Submarine cables may be at risk from anchors, sharks, and foreign adversaries, but they are safe from solar storms.

Researchers at Google set out to understand the dangers of such storms as we enter Solar Cycle 25, a period of increased solar activity. They found that risk of large-scale cable damage from a solar storm is low.

Google has part- or fully-funded 22 submarine cables around the world, while the wider industry is responsible for 99 percent of intercontinental data traffic.

Should they be disrupted, the Internet as we know it would stop working.

With that in mind, Google was concerned about what would happen in a severe solar storm, like the 1859 Carrington Event, the strongest geomagnetic storm in recorded history that damaged telegraph networks at the time.

A more recent 1989 storm caused power outages across Eastern Canada.

Such storms distort the Earth’s magnetic field, generating electric fields that propagate through the conducting interior of the Earth. This can enter transmission lines through grounding points, inducing large voltage swings.

While such voltage swings would also be experienced by submarine cables, the impact is negligible, Google said.

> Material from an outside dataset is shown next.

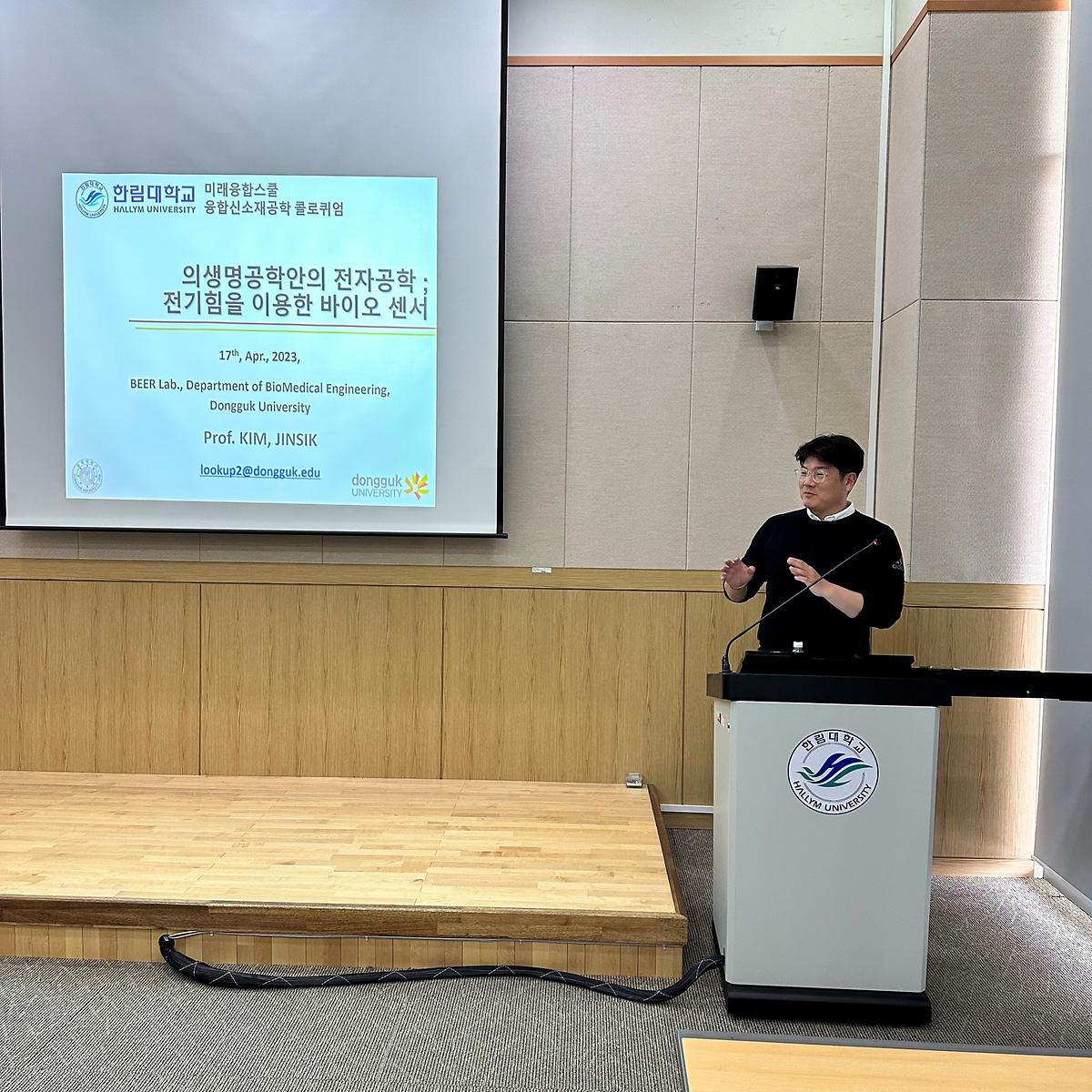 이번 기술교류회는 동국대 의생명공학과 김진식 교수를 연사로 모시고 '의생명공학 안의 전자공학; 전기 힘을 이용한 바이오센서 '를 주제로 강연이 진행되었다.

Using data from smaller storms, as well as from one cable in 1989, they found that "an event like the 1859 Carrington Event would only result in a voltage increase of 800 Volts."

Submarine cables such as Google's are built with redundant power at each end of the cable line, allowing for them to "typically absorb fluctuations of up to 6,000 Volts."

Google plans to publish the study in a peer-reviewed scientific paper next year.